Monday, June 1, 2009

ONC Proposes Health Information Technology Regional Extension Centers

The Office of the National Coordinator for Health Information Technology has requested comments on a proposal to establish regional centers to assist providers seeking to adopt and become meaningful users of health information technology.

Comments are due by June 11, 2009.

Highlights from the May 28 Federal Register follow:

"ARRA includes provisions to promote the adoption of interoperable health information technology to promote meaningful use of health information technology to improve the quality and value of American health care. Providers that seek to adopt and effectively use health information technology (health IT) face a complex variety of tasks. Those tasks include assessing needs, selecting and negotiating with a system vendor or reseller, and implementing workflow changes to improve clinical performance and, ultimately, outcomes. Past experiences have shown that without robust technical assistance, many EHRs that are purchased are never installed or are not used by some providers.

A Health Information Technology Extension Program will make assistance available to all providers, but with priority given to assisting specific types of providers. The health information technology extension program consists of a National Health Information Technology Research Center (HITRC) and Regional Extension Centers (or ‘‘regional centers’’). The major focus for the Centers’ work with most of the providers that they serve will be to help to select and successfully implement certified electronic health records (EHRs). While those providers that have already implemented a basic EHR may not require implementation assistance, they may require other technical assistance to achieve ‘‘meaningful user’’ status. All regional centers will assist adopters to effectively meet or exceed the requirements to be determined a ‘‘meaningful user’’ for purposes of earning the incentives.

Whereas research and analysis of best practices regarding health IT utilization rests primarily with the HITRC, dissemination and implementation of those best practices learned from the HITRC will rest with the regional centers.

Each regional center shall ‘‘aim to provide assistance and education to all providers in a region but shall prioritize any direct assistance first to the following:
• Public or not-for-profit hospitals or critical-access hospitals.
• Federally qualified health centers
• Entities that are located in rural and other areas that serve uninsured, underinsured, and medically underserved individuals (regardless of whether such area is urban or rural).
• Individual or small group practices (or a consortium thereof) that are primarily focused on primary care.’’

The minimal level of support must include the provision of unbiased information on mechanisms to exchange health information in compliance with applicable statutory and regulatory requirements, and information to support the effective integration of health information exchange activities into practice workflow.

We anticipate an average award value on the order of $1 million to $2 million per center. The maximum award value we anticipate making available to any one regional center is $10 million."

1 comment:

Anonymous said...

Today medical practitioners are looking to avail of this federal incentive by trying to comply with the definition of meaningful use but at the same time EHR providers are looking at their own set of profits.
This misunderstanding is mostly I believe as a result of wrong interpretation of the federal guidelines.

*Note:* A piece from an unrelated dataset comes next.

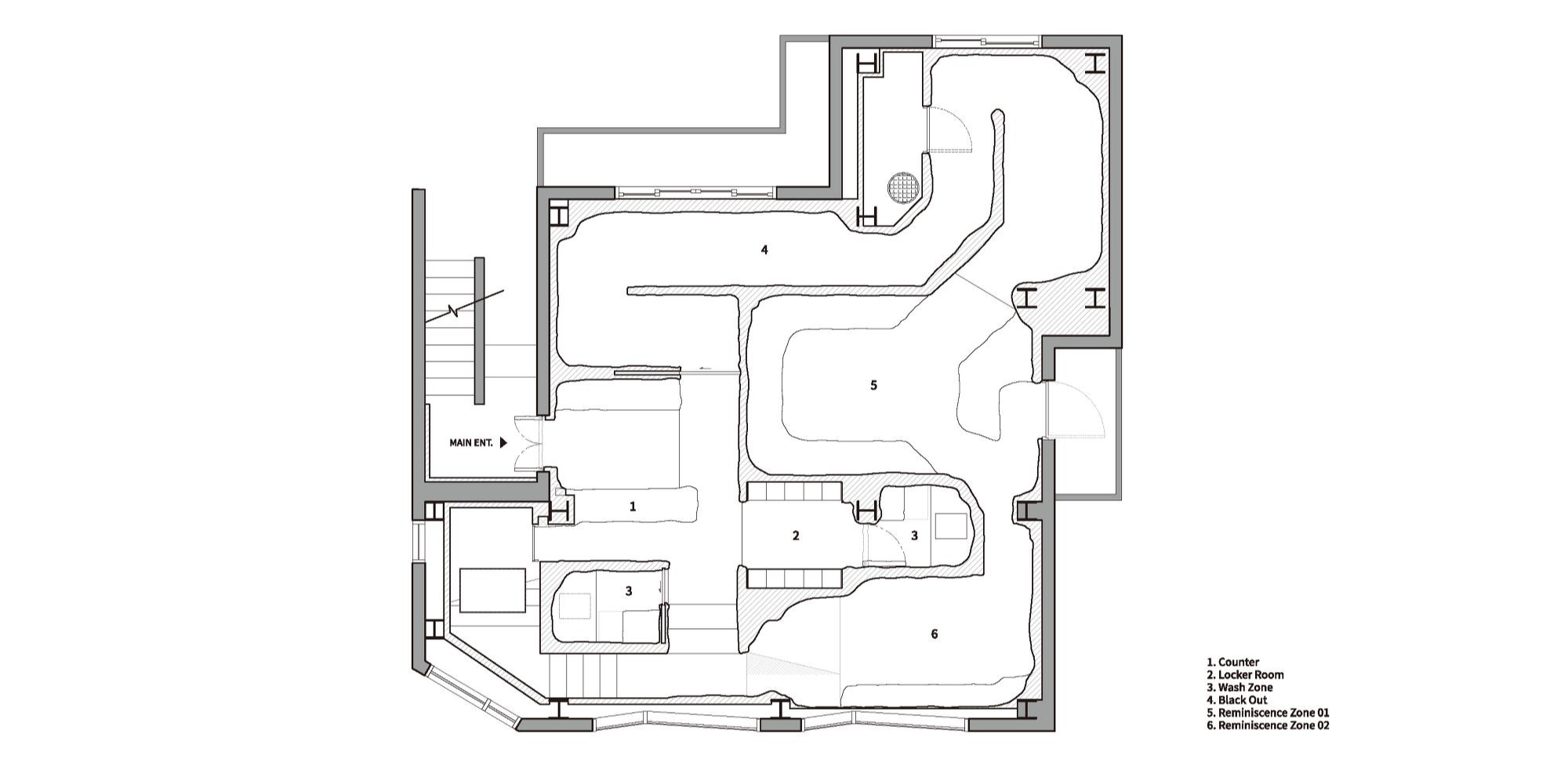 At the end of the first basement floor, you can feel the water flowing down from the first floor. When you go up to the first floor by following the stairs where the water flows, the temporal background changes from deep night to dawn, and the spatial background changes from the ground to a wetland. Dawn hides the light of the world and only reveals its black-and-white form. It was opened a little more visually than in the ground where nothing could be seen, but it is still more breath-taking. Although the front sight is still blurry, senses are gradually awakened by the sharp touch of the water. After stepping on the water path and mud that hints at the shore, you arrive at the shore where the mist rises. You gradually wake up at dawn as you realize yourself anew in a stillness that moves slowly.

The EHR providers need to look at these guidelines from the prospective of the practitioners who deal with different specialties.
Each specialty EHR has its own set of challenges or requirements which I believe is overlooked by in most EHR vendors in a effort to merely follows federal guidelines. This is resulting in low usability to the practitioners, thus less ROI, finally redundancy of the EHR solution in place.
I think ROI is very important factor that should be duly considered when look achieve a 'meaning use' out of a EHR solution. Though one may get vendors providing 'meaning use' at a lower cost, their ROI / savings through the use of their EHR might be pretty low when compared to costlier initial investment. Found a pretty useful ROI tool that is pretty customizable and easy to use. It also accounts for the different specialty EHR's too.
There are other good references on the topics of:
Usability/meaningful use
Certification criteria for EHR

Also the introduction of REC’s through the HITECH act. is a great way to avail of quality EHR solutions at competitive prices. The stiff competition among not only these REC’s but also among EHR vendors ( to become a preferred vendor of a given REC) will result in lot of positives to medical practioners.
Looking the funding provided to the REC’s, the staggered grant allocation system also promises to be an unbiased way of allocating funds. It will also help in the concept of REC’s helping out each with their own unique business models. It can be one of the possible answers to the ’safe vendor challenge’ as discussed by many critics.